Reactions to “Pathways,” which was released Feb. 1, have been mixed but rarely muted. A Washington Post education columnist called it “dreamy nonsense”; NPR’s “On Point” devoted an hour to the report.
“The first few emails I got were negative — people accusing us of trying to deny college to disadvantaged students,” Ferguson said. “That was quickly eclipsed by people really thanking us for raising the issue. The college-for-all movement has been so strong that people who think we need more than just college for all have been afraid to speak up.”
Symonds has received invitations from 18 states to address local school districts, community college presidents, state legislatures, and other groups, from as far away as Alaska and Hawaii.
Even the White House has paid attention. President Obama has long made improving community colleges, which provide the bulk of America’s technical training, a pillar of his higher education policy. But the administration is now considering the importance of career and technical education at the high-school level in preparing students for jobs.

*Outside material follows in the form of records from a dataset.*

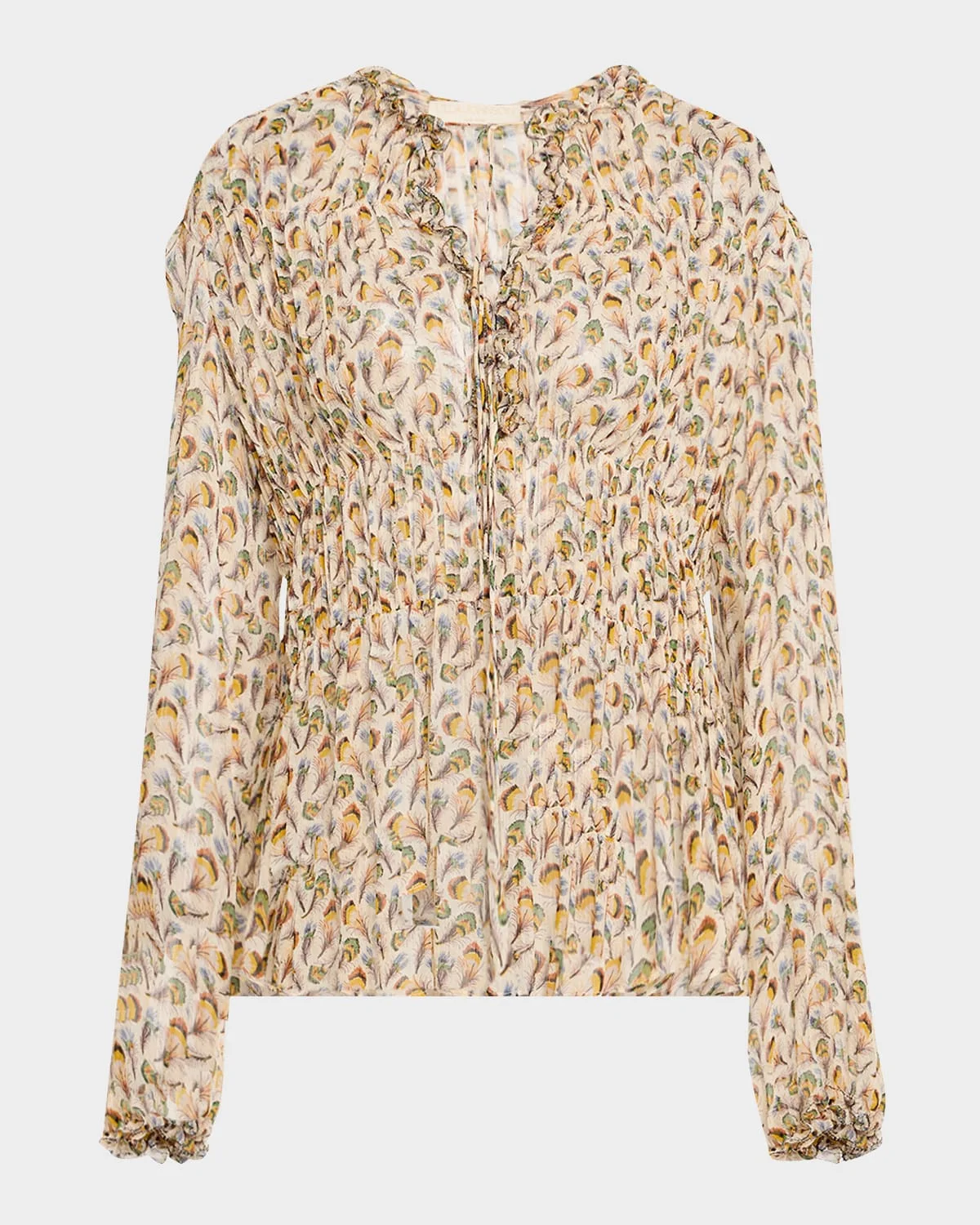 - Ulla Johnson "Robbie" printed luxurious silk blouse finished with ruffle trim - V neckline - Long sleeves - Classic fit - Hem falls to the hip - Tie-front - Silk - Dry clean - Imported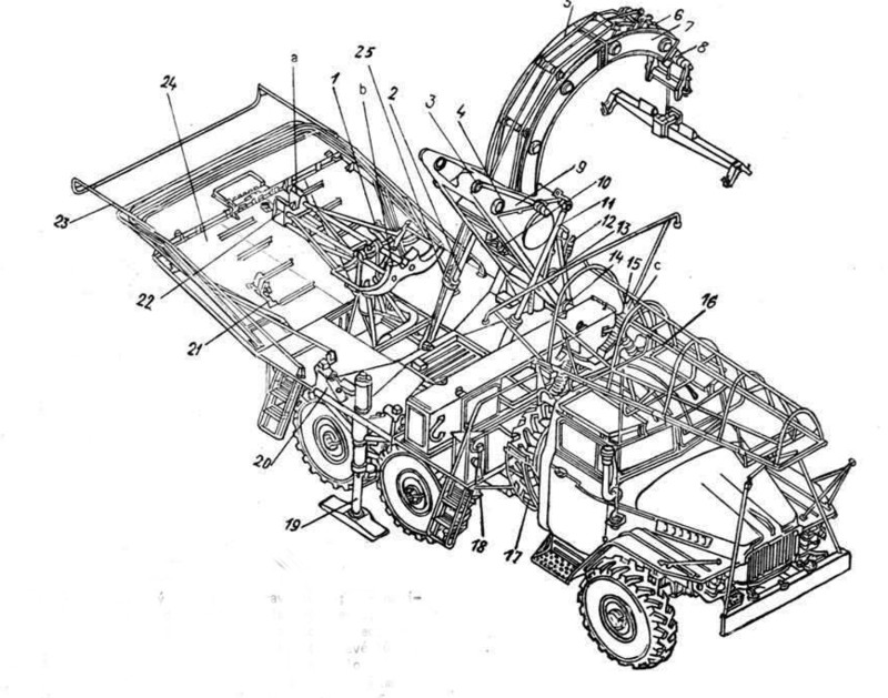 (2) Hydraulikgelenk, (3) Zurrbuchse des Trägers, (4) Winde,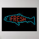 A cool photograph of a fresh fish neon sign on a black background. Copyright © 2009 Karin Hildebrand Lau.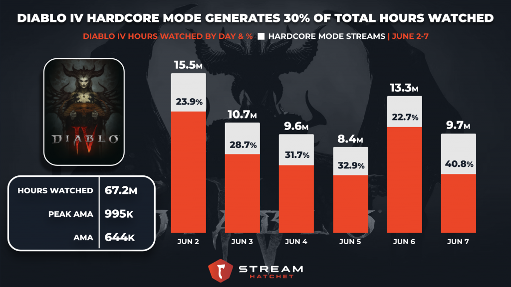 From June 2nd to June 7th, Diablo IV generated 67.2M hours watched across live streaming platforms and reached a peak viewership of 995K viewers the day early access was released. In the same timeframe, Diablo IV maintained an average viewership of 644K viewers.

Arne Duncan, Obama’s secretary of education, called the report “absolutely pressing,” and the newly formed White House Council for Community Solutions has asked for a briefing on “Pathways.” In fact, when President Obama came to Boston last month he made a visit to TechBoston Academy, a high-performing pilot school for at-risk students that offers its students vocational training for careers in technology.
But to Ferguson, director of the Achievement Gap Initiative at Harvard, promoting alternative educational paths is more than just smart policy. It should be a “social movement,” he said, to help students from all backgrounds succeed in work and life, especially poor minority students — a rapidly growing population that is most frequently left behind in traditional high schools.
“We’ve got to persuade people across society that unless we pay more attention to adolescence, we’re headed toward having a fragmented society that is divided by race and social class,” Ferguson said. “We don’t claim to know how to fix everything in the report. But we’re already in trouble, and if we don’t do something, things are only going to get worse.”